In ROI based method FLAIR images, reformatted in axial slices (thickness 4 mm without spacing), were manually segmented using software AW VolumeShare 4 (ADVANTAGE WORKSTATION 4.3, GE Healthcare, Milwaukee) to measure the parenchymal volume and total intracranial volume. Brain parenchymal fraction (BPF) was calculated through the ratio of brain parenchymal to intracranial volume and was considered as an expression of the degree of atrophy, as done in previous studies of volumetric analysis of DM1 patients (Kassubek et al., 2003). Correlations between BPF values and clinical (age, disease duration) and neuropsychological scores were evaluated by using Pearson correlation coefficient, considering p-value statistically significant at p < 0.05.
2.3.1. VBM
The automated analysis of T1 structural data was carried out by FSL-VBM (Douaud et al., 2007), an optimised VBM protocol (Good et al., 2001) carried out with FMRIB software library package (FSL) (Smith et al., 2004). As preprocessing step T1 images were corrected for WM lesions using the lesion filling toolbox available in FSL (Battaglini et al., 2012). Structural images were brain-extracted using BET (Brain Extraction Tool) (Smith, 2002), and then they were automatically segmented into GM, WM and cerebrospinal fluid (CSF) tissue-type by FAST4 tool (Zhang et al., 2001). The GM volume images were aligned to the Montreal Neurological Institute (MNI) 152 standard space (Mazziotta et al., 1995) by the affine registration tool FLIRT (Jenkinson et al., 2002), followed by non-linear registration using FNIRT (Andersson et al., 2007). The registered GM images of an equal number of healthy controls and DM1 patients were averaged and flipped along the x-axis to create a left-right symmetric, study-specific grey matter template. After that all native GM images were non-linearly registered to this study-specific template, modulated and smoothed with an isotropic Gaussian kernel with a sigma of 3 mm.

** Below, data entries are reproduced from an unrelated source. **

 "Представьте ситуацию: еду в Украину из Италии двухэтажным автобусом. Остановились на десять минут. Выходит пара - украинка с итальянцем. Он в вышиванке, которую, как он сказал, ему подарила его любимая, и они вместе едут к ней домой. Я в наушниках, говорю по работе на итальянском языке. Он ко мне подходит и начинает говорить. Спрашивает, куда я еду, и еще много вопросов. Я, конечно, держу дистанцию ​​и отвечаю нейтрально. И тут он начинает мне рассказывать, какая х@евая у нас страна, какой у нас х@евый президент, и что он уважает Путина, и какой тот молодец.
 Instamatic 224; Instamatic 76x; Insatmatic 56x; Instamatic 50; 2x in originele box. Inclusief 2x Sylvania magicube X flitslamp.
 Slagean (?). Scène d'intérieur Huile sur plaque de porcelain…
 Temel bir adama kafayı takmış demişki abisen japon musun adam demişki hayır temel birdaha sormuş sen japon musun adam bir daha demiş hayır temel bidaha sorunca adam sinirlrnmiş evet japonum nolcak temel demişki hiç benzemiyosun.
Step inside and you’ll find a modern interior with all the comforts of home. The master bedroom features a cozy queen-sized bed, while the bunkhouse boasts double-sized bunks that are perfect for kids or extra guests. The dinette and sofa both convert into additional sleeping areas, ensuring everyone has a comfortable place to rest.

A voxel-wise General Linear Model (GLM) was applied using permutation-based non-parametric testing (5000 permutations), correcting for multiple comparisons across space (p < 0.001) by threshold-free cluster enhancement (TFCE) option (Smith and Nichols, 2009). Since voxel based quantification of atrophy is influenced by aging (Draganski et al., 2011) we inserted age and gender of patients and controls as covariate variables within the GLM matrix.

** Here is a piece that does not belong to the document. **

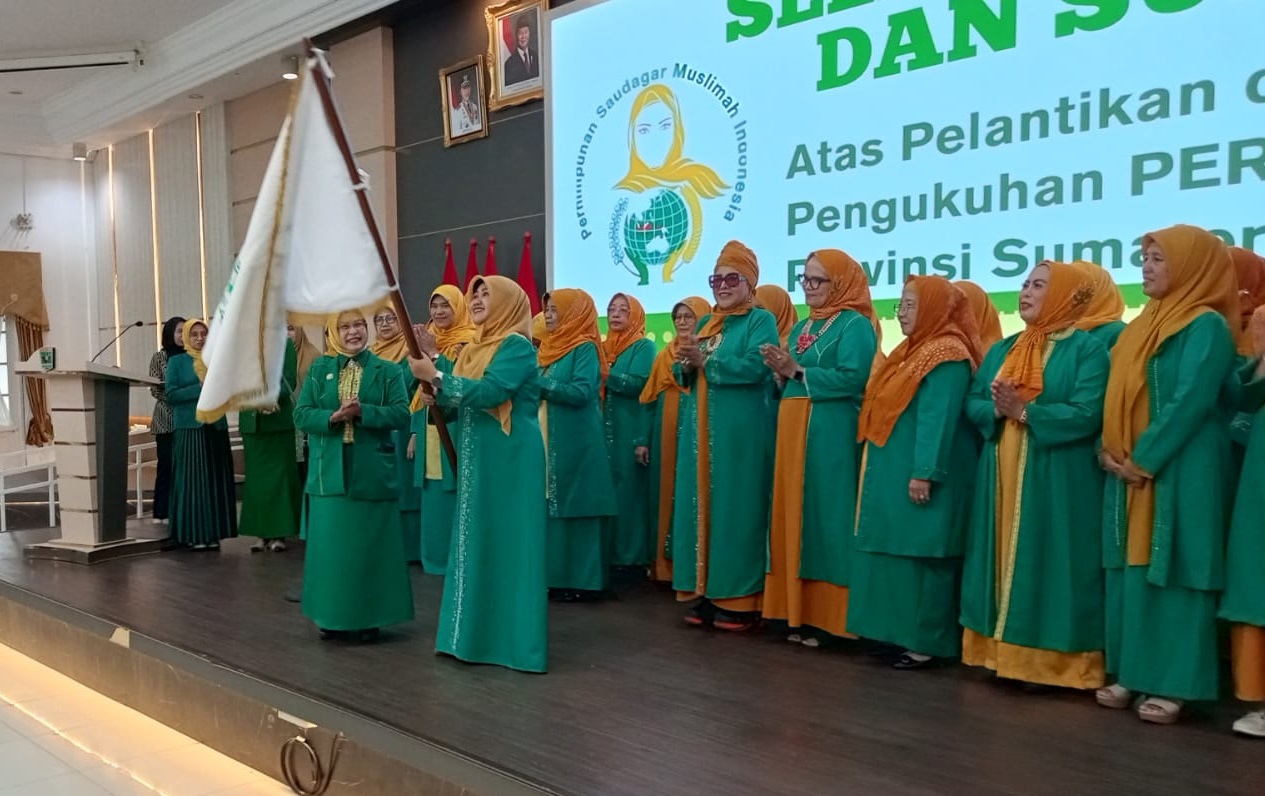 PENUH HARAPAN: Ketum DPP Persami, Siti Nur Azizah saat melantik dan mengukuhkan DPW Persami Sumbar masa bakti 2025-2030 di Aula Gubernur Sumbar, Sabtu (19/7).(zoe/sindotime)

In order to establish a possible relationship with VBM changes multiple regression analyses were also performed inserting neuropsychological scores in different GLM design matrix, using age and gender as covariates of no interest (TFCE p < 0.05 corrected for multiple comparisons).

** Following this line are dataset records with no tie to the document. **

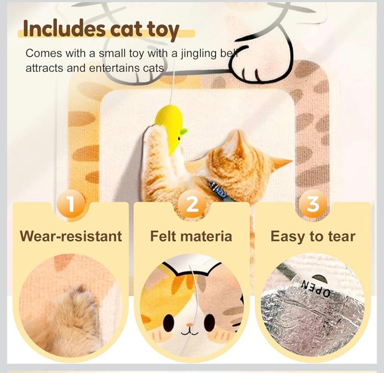 • نصب آسان: نصب ساده و راحت، امکان قرار دادن پد در هر مکانی که گربهتان عادت به خراشیدن دارد را فراهم میکند؛ چه روی دیوار و چه کنار مبل.
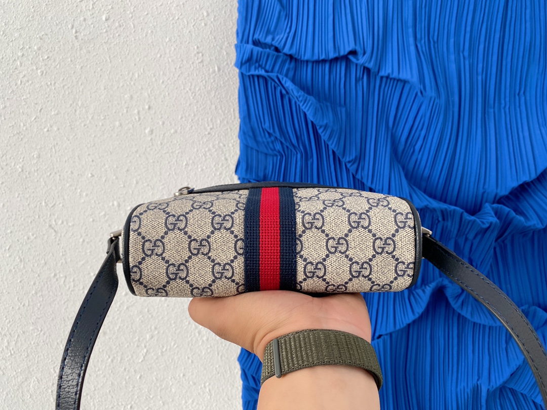 歴史的なルーツを映し出すGGスプリーム キャンバスが、ブルーとベージュというタイムレスなカラーミックスでGucci Love Parade コレクションに登場。環境に配慮したこのキャンバス素材は、何十年もの時を経てもなお各コレクションを彩り、いまやグッチを代表する素材となっています。このクラシカルなカラーパレットで、ミニサイズの〔オフィディア〕ショルダーバッグにアクセントを効かせています。
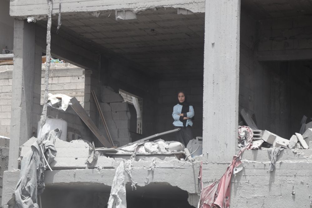 5月17日,在加沙地帶北部杰巴利耶難民營,一名女子站在破損的房屋中。新華社發(fā)(阿卜杜勒拉赫曼·薩拉馬 攝)
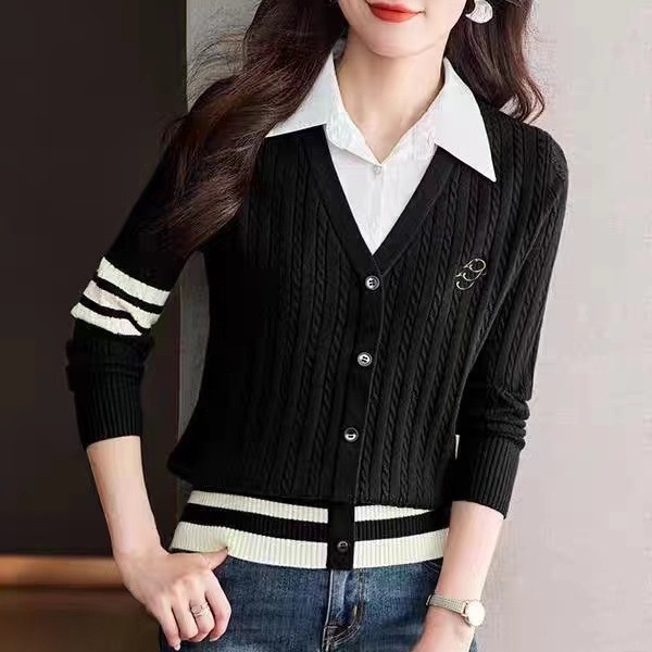 Главная страница > Корейская версия модного дизайна Чувство поддельные два трикотажа женские осенние и зимние новые воротники рубашки темперамент тонкие топы

The description of statistical maps obtained from VBM analysis was based on Anatomical Automated Labeling (AAL) Atlas (Tzourio-Mazoyer et al., 2002).
2.4. WM evaluation
Sagittal CUBE T2 FLAIR sequence was also acquired in order to establish recurrence, localization and patterns of distribution of white matter hyperintense lesions in DM1 patients. WM alterations were evaluated with a visual scale according to a modified version of the Fazekas scale (Pantoni et al., 2005) on reformatted FLAIR images. A quantitative measure of the white matter lesions was performed with a ROI based approach by manually contouring the WM lesions. The lesion load (LL%) was calculated through the ratio of lesions volume to brain parenchymal volume and expressed as a percentage. Correlations between lesions indices (Fazekas scale and LL%) and clinical and neuropsychological scores were evaluated by using Spearman and Pearson correlation coefficients, respectively for Fazekas scale and LL%, considering p-value statistically significant at 0.05.
2.4.1. TBSS
DTI sequence was acquired in order to perform tract-based spatial statistical (TBSS) analysis (Smith et al., 2006).
The preprocessing steps on the raw diffusion data consisted in minimizing the distortion relative to gradient application using ‘eddy current correction’ tool and to perform brain-extraction using BET. DTIfit toolbox (Behrens et al., 2003) was used to fit a diffusion tensor model at each voxel of the preprocessed DTI images in order to obtain fractional anisotropy (FA), mean diffusivity (MD) and eigenvalues (L1, L2, L3) maps for each subject. Maps of axial diffusivity (AD) were evaluated (L1 maps) and maps of radial diffusivity (RD) were calculated averaging L2 and L3 maps. All subjects' DTI-derived maps were nonlinear registered to a target image (FMRIB58_FA) using FNIRT. After that, a mean FA image was calculated and thinned (threshold 0.2) in order to create a mean FA skeleton which represented the centres of all tracts common to the group. For each subjects, registered DTI-derived maps were then projected onto this skeleton and the resulting data fed into voxelwise cross-subject statistics.
Group differences between patients and controls in DTI-derived indices were performed using permutation-based non-parametric testing (5000 permutations), correcting for multiple comparisons across space (p < 0.05) by TFCE option (Mazziotta et al., 1995). Age and gender were used as covariates of no interest in the statistical design matrix.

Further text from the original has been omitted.